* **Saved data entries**

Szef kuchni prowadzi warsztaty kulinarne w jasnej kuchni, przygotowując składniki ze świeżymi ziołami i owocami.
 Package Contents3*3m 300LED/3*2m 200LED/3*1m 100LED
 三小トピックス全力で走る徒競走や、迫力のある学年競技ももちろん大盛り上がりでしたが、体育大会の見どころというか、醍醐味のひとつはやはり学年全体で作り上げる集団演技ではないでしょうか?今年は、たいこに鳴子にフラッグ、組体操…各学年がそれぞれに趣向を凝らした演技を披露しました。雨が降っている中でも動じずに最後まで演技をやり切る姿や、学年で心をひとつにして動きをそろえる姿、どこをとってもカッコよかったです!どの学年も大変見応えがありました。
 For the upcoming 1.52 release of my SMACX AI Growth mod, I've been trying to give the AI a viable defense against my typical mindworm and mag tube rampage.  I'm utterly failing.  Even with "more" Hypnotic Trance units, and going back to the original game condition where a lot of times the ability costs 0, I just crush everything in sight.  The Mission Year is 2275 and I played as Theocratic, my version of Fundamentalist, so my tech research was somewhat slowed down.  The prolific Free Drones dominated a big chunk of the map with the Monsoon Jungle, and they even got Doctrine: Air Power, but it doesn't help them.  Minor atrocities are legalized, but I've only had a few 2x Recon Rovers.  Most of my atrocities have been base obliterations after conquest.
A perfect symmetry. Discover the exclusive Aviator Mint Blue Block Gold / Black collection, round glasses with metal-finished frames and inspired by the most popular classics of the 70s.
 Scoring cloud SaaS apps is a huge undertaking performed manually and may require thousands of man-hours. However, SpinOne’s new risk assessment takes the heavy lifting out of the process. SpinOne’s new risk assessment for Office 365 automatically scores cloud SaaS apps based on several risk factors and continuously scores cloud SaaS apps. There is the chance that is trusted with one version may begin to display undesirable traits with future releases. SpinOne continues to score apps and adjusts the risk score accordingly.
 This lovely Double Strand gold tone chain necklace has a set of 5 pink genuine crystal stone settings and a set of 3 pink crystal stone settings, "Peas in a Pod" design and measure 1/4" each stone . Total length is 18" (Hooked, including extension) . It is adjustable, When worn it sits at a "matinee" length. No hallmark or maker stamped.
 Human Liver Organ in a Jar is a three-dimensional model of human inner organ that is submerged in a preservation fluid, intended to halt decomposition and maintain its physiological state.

* **The task**
Search the entries for the string "with" and copy each line where it occurs.

* **Expected answer**
 For the upcoming 1.52 release of my SMACX AI Growth mod, I've been trying to give the AI a viable defense against my typical mindworm and mag tube rampage.  I'm utterly failing.  Even with "more" Hypnotic Trance units, and going back to the original game condition where a lot of times the ability costs 0, I just crush everything in sight.  The Mission Year is 2275 and I played as Theocratic, my version of Fundamentalist, so my tech research was somewhat slowed down.  The prolific Free Drones dominated a big chunk of the map with the Monsoon Jungle, and they even got Doctrine: Air Power, but it doesn't help them.  Minor atrocities are legalized, but I've only had a few 2x Recon Rovers.  Most of my atrocities have been base obliterations after conquest.
A perfect symmetry. Discover the exclusive Aviator Mint Blue Block Gold / Black collection, round glasses with metal-finished frames and inspired by the most popular classics of the 70s.
 Scoring cloud SaaS apps is a huge undertaking performed manually and may require thousands of man-hours. However, SpinOne’s new risk assessment takes the heavy lifting out of the process. SpinOne’s new risk assessment for Office 365 automatically scores cloud SaaS apps based on several risk factors and continuously scores cloud SaaS apps. There is the chance that is trusted with one version may begin to display undesirable traits with future releases. SpinOne continues to score apps and adjusts the risk score accordingly.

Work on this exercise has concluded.